Надо будет потом проверить, как она, — подумал он.
То же самое повторилось и при въезде в столицу — поклоны, приветствия, чествование, как будто и не было тайного отъезда, почти бегства… Перед воротами Расёмон снова пришлось остановиться: толпу-то копьеносцы могли бы растолкать, но не станешь ведь расталкивать процессию дворцовых чиновников во главе с помощником Левого Министра господином Татибана Сигэнобу?
Райко уже устал удивляться, и сил всех оставалось только на то, чтобы произносить положенные слова. Ему бы радоваться, что все так обернулось, но на сердце было черно.
— Господин Минамото, — зашептал в самое ухо капитан Тайра, — Необходимо спешиться и преклонить колено.
Беспокойство капитана было вполне понятно: он сомневался в том, что Райко сможет хотя бы спешиться. Райко, однако же, смог. И даже колено преклонил. И даже большую часть речи господина помощника Левого Министра выслушал.
А потом просто лишился чувств.
Очнувшись, Райко долго лежал, глаз не открывая и никак не показывая, что в себя пришел. Ему ничего не хотелось сейчас — лежать бы так, в сумраке внутренних покоев родного дома, узнаваемого даже по запаху. Дать отдых телу и разуму…
Да не вышло. Господин Минамото-но-Мицунака голос понижать не привык.
— Это что такое, болван? Это придворное платье, по-твоему? Этот куцый хвост — шлейф? Да знаешь ли ты, смерд, что государь изволил мне пожаловать четвертый придворный ранг, а сыну — пятый?
Надо же, подумал Райко.
— Не извольте гневаться, сиятельный господин, — послышался голос портного, — но длина шлейфа как раз соответствует четвертому придворному рангу. Извольте сами убе…
Хлоп! Вздумавшего возражать простолюдина прервали ударом веера. Веер — штука легкая, но тяжела рука у господина губернатора Сэтцу…
— Слушать ничего не желаю, а желаю видеть здесь платье, подобающее чиновнику четвертого ранга!
— Но сиятельный господин…
— Немедленно.
Райко попытался встать — но по телу тошнотворная слабость разлилась. Тогда он просто позвал:
— Отец!
Шум раздвигаемых фусума, звук шагов — легких; невысок и легок в кости господин Тада-Мандзю. Райко приподнялся на локте, чтобы приветствовать отца не совсем уж лежа.

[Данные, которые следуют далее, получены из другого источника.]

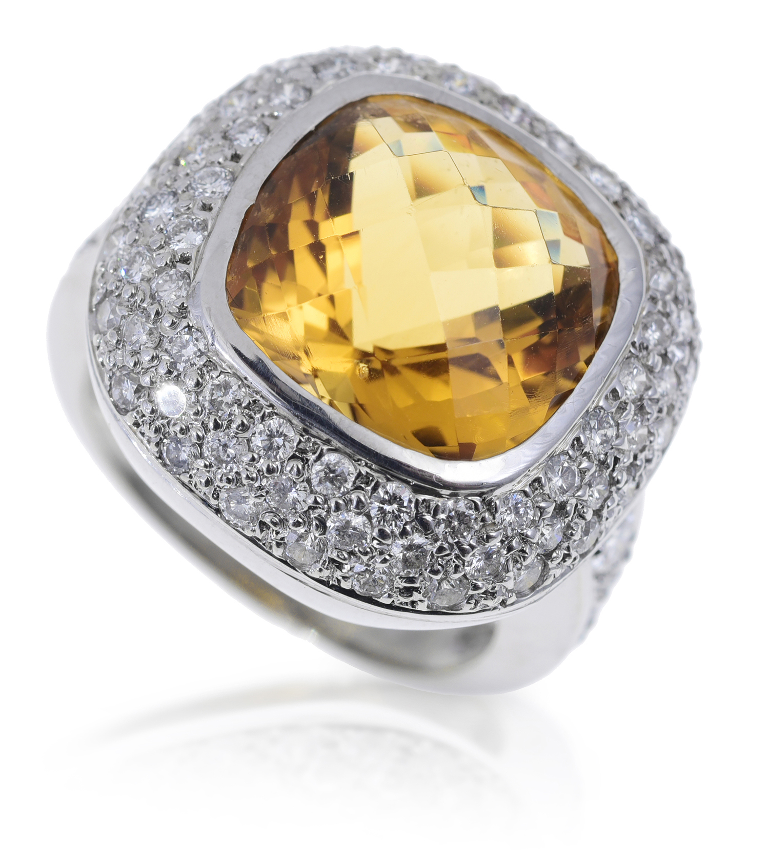Ring presents in excellent condition with all stones appearing well secured. Very small abrasion to one facet of citrine. Diamonds are all of good quality colour G-H, clarity VS-SI.
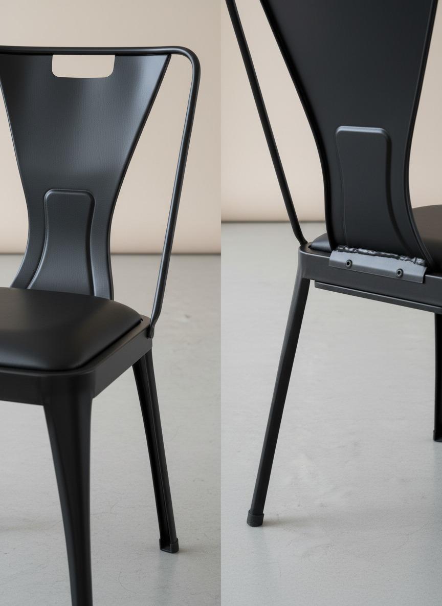 Modern ve endüstriyel çizgileri bir araya getiren bu metal sandalye, dayanıklı yapısı ve ergonomik sırt desteği ile öne çıkar. Yumuşak minderli oturma alanı konforlu bir kullanım sunarken, sağlam metal iskeleti uzun ömürlü kullanım vaat eder. Cafe, restoran veya modern ev dekorasyonları için mükemmel bir tamamlayıcıdır.

— Ну что ты, не вставай, — господин Мицунака сделал жест веером, услужливая девица тут же проскочила у него под рукой, села в изголовье Райко и начала обтирать ему лицо и шею влажной тканью. Сам господин Мицунака устроился справа.
— Набирайся сил, поправляйся. Послезавтра мы должны явиться во дворец — а эти мерзавцы еще платье не сделали.
— Они сделают, отец. Мне люди, разбирающиеся в тонкостях церемониала, обещали проверить и проследить.
И вот это — чистая правда. Обещали.
Отец смотрел на сына, сын — на отца. Снизу вверх, как не смотрел уже четыре года — в шестнадцать он отца перерос. В усах и аккуратной бородке господина Мицунаки прибавилось седых волосков, или Райко лишь показалось так?